Power to the people”, the Government press release proclaimed: “Local communities will be able to take control of their energy bills and help transform the energy system
Unquestionably, major transformation of the way the UK generates its heat and power is essential. There is a huge opportunity to secure a radically better system – one where cooperative, community and independently owned local renewable schemes flourish and local people benefit directly. Projects such as the Brighton Energy Co-operative provide a glimpse of an incredibly positive alternative energy future, where people are active producers and not just passive consumers.
But the long-awaited Community Energy Strategy, published this week by the Department for Energy and Climate Change, represents small steps towards that future at a time when we need giant leaps.

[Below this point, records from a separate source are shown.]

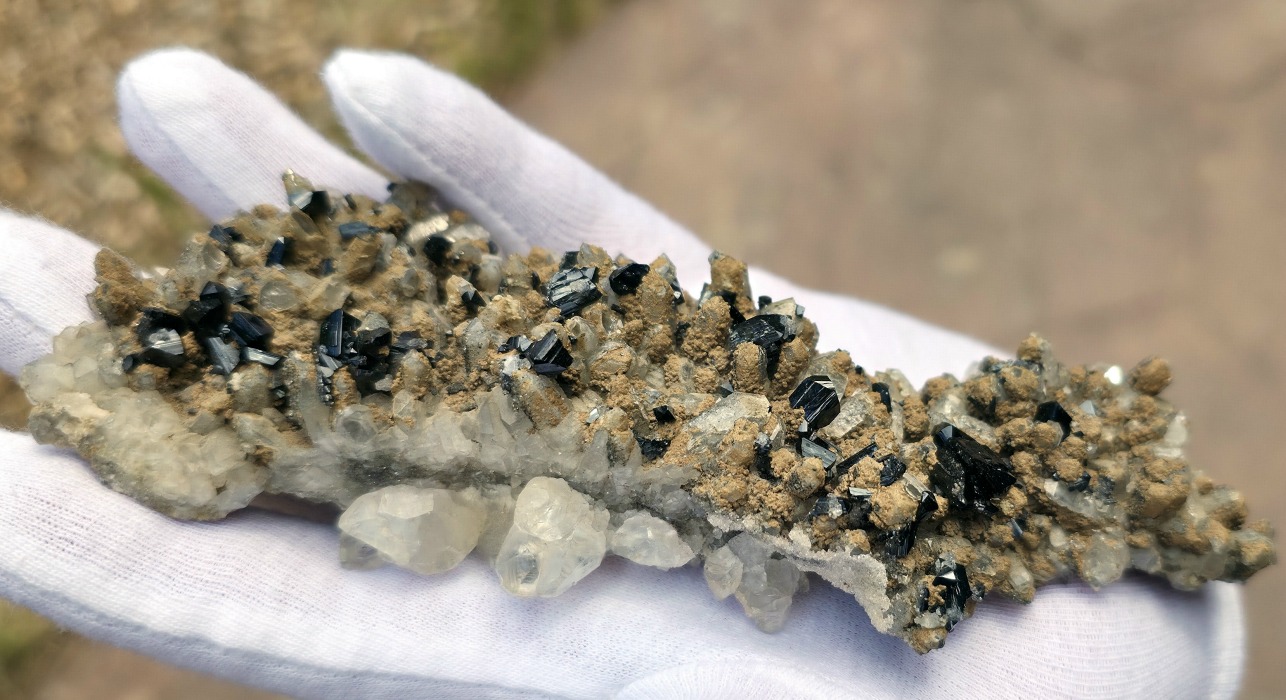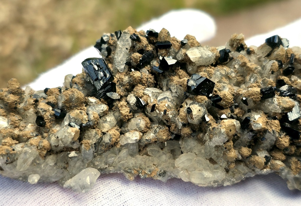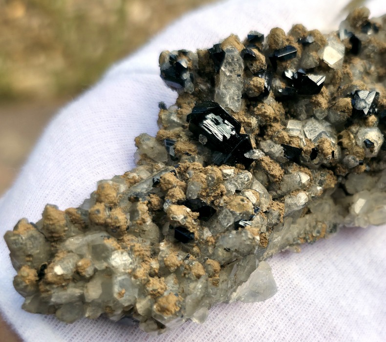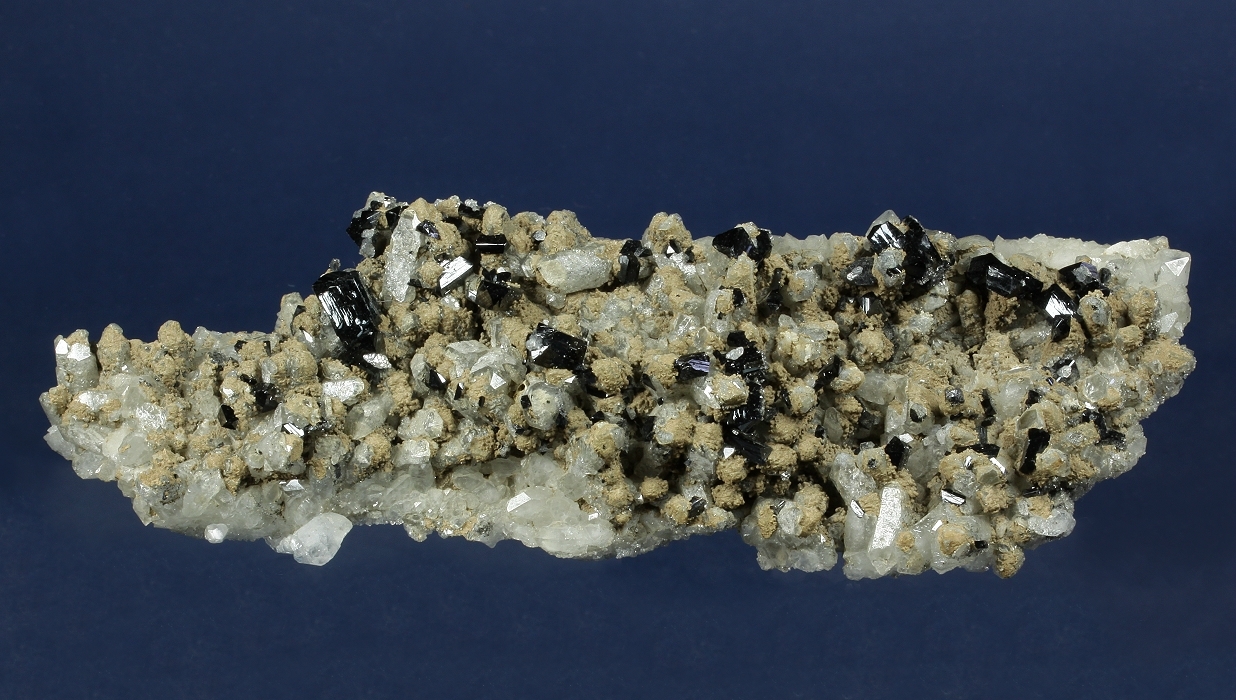 Highly lustrous, blocky, lustrous-black Ilvaite crystals to 10 x 5 mm, some doubly terminated, are nestled on a plate of clear Quartz crystals to 15 mm long. The Quartz is accented with tan crusts, and translucent, clear Calcite crystals to 16 mm are perched on the edge of the plate. This is a great combination specimen from this classic Russian locality. No damage.
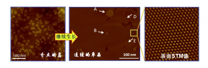 圖2. a: 六方氮化硼光學(xué)顯微鏡照片;b: 六方氮化硼34K與33K溫度下的低溫原子力顯微鏡形貌圖,當溫度34K時存在氣泡(圖中亮色部分);c: 六方氮化硼氣泡不同溫度下的高度,當溫度33K時氣泡消失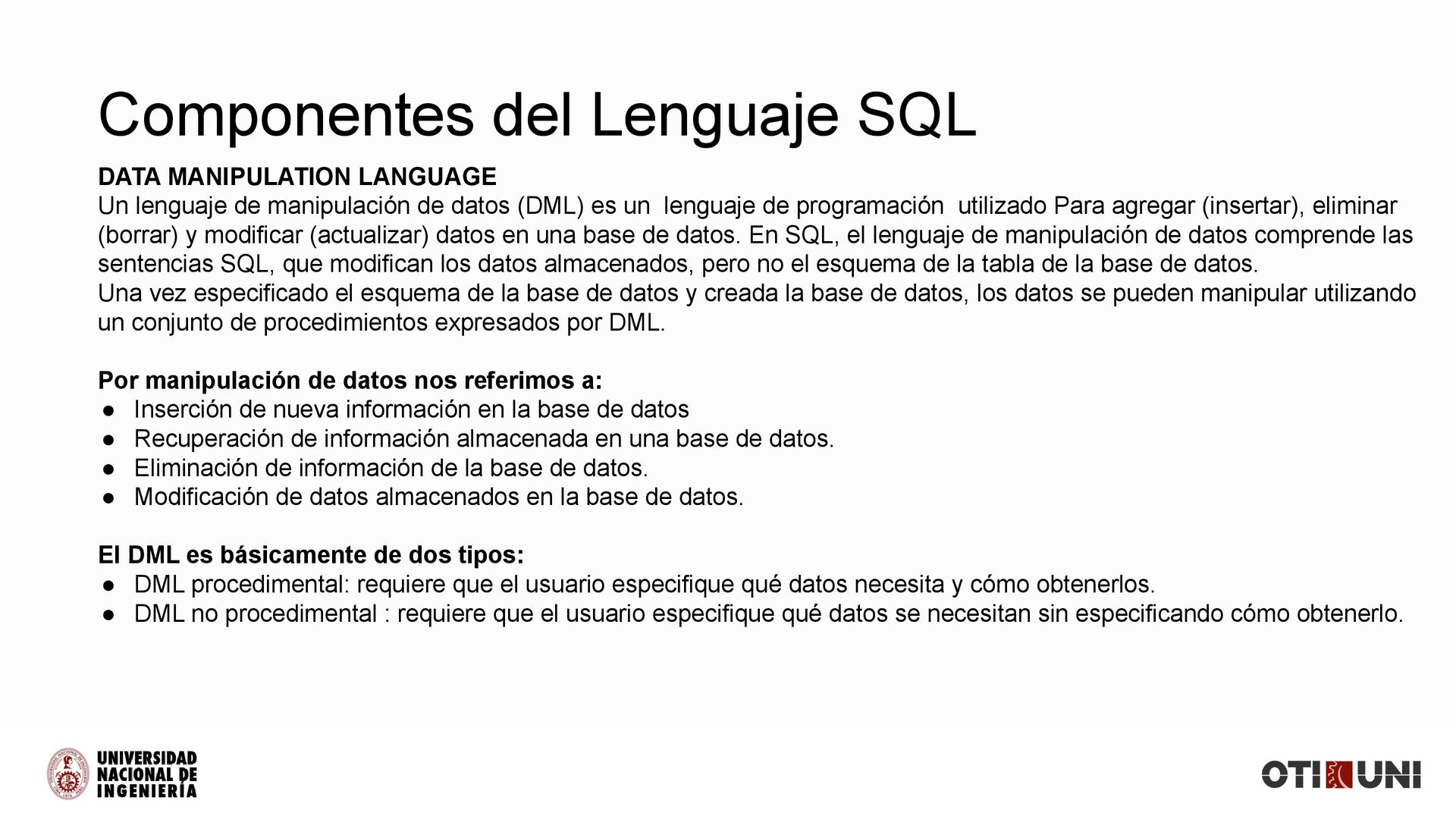 manipulación de datos (DML) es un lenguaje de programación utilizado Para agregar (insertar), eliminar (borrar) y modificar (actualizar) datos en una base de datos. En SQL, el lenguaje de manipulación de datos comprende las sentencias SQL, que modifican los datos almacenados, pero no el esquema de la tabla de la base de datos. Una vez especificado el esquema de la base de datos y creada la base de datos, los datos se pueden manipular utilizando un conjunto de procedimientos expresados por DML. Por manipulación de datos nos referimos a: • Inserción de nueva información en la base de datos • Recuperación de información almacenada en una base de datos. • Eliminación de información de la base de datos. • Modificación de datos almacenados en la base de datos. El DML es básicamente de dos tipos: • DML procedimental: requiere que el usuario especifique qué datos necesita y cómo obtenerlos. • DML no procedimental : requiere que el usuario especifique qué datos se necesitan sin especificando cómo obtenerlo.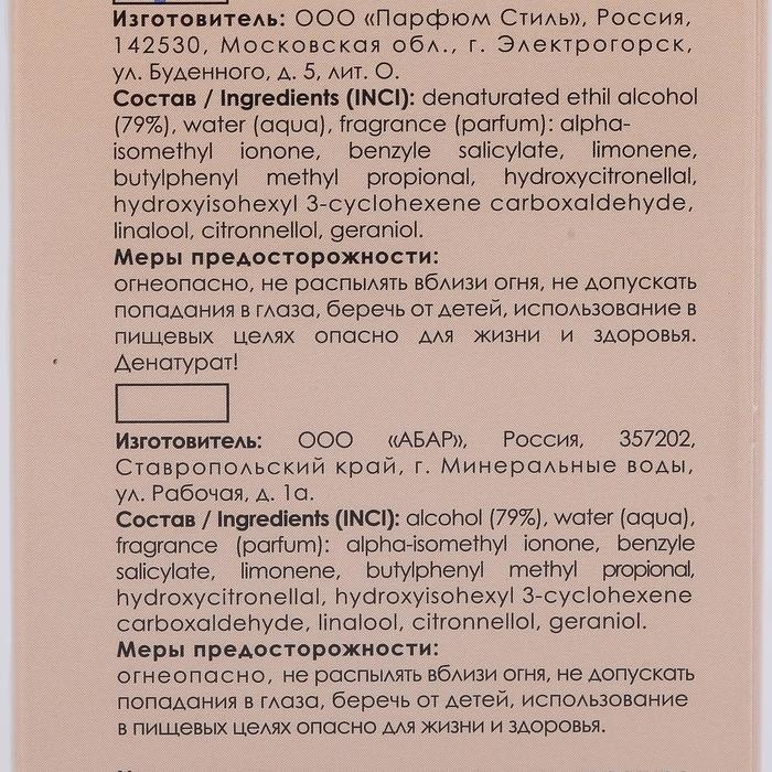 Состав: денатурированный спирт 80%, парфюмерная композиция 10%, вода 10%.

Positively, it acknowledges the fantastic contribution community power generation can make to efforts to tackle fuel poverty, high energy bills and climate change. And it’s good news that funding will be available to support community energy. This needs to be new money that won’t divert resources already allocated, for example, to energy efficiency schemes.
The strategy also acknowledges some of the barriers facing community energy organisations in our energy market - in particular the rules that prevent them from selling their power directly to local people, and the complicated, expensive process of connecting to the local grid.
If the Government is serious about community energy ending the domination of the Big Six energy companies over power generation and supply, we need action - not just more talk. That means much more than giving decentralised heat and power an encouraging nod and a bit of money, and saying ‘carry on.
The wider context for this is the Coalition’s reluctance to give the UK’s home grown renewables industry the economic certainty it needs beyond 2020 - we need binding targets on the proportion of our energy generated from renewables by 2030 for a start We need a regulatory framework that allows community and renewable schemes to buy the electricity they generate at wholesale costs, freeing them from the rip-off retail market. And we need the local grid to be put into public ownership, with community and renewable schemes given priority access.
Other countries are showing that community energy is a realistic alternative - not just a nice add-on. The Belgian co-operative Ecopower provides energy for over 30000 members. Denmark guarantees that 20% of all energy projects are open for community financing. In Germany, over half of all installed renewable energy capacity is owned by private citizens and cooperatives
The UK should be showing the same kind of ambition. But if “power to the people” is to be a reality and not just a slogan, we need clear deadlines for action, and ministerial leadership.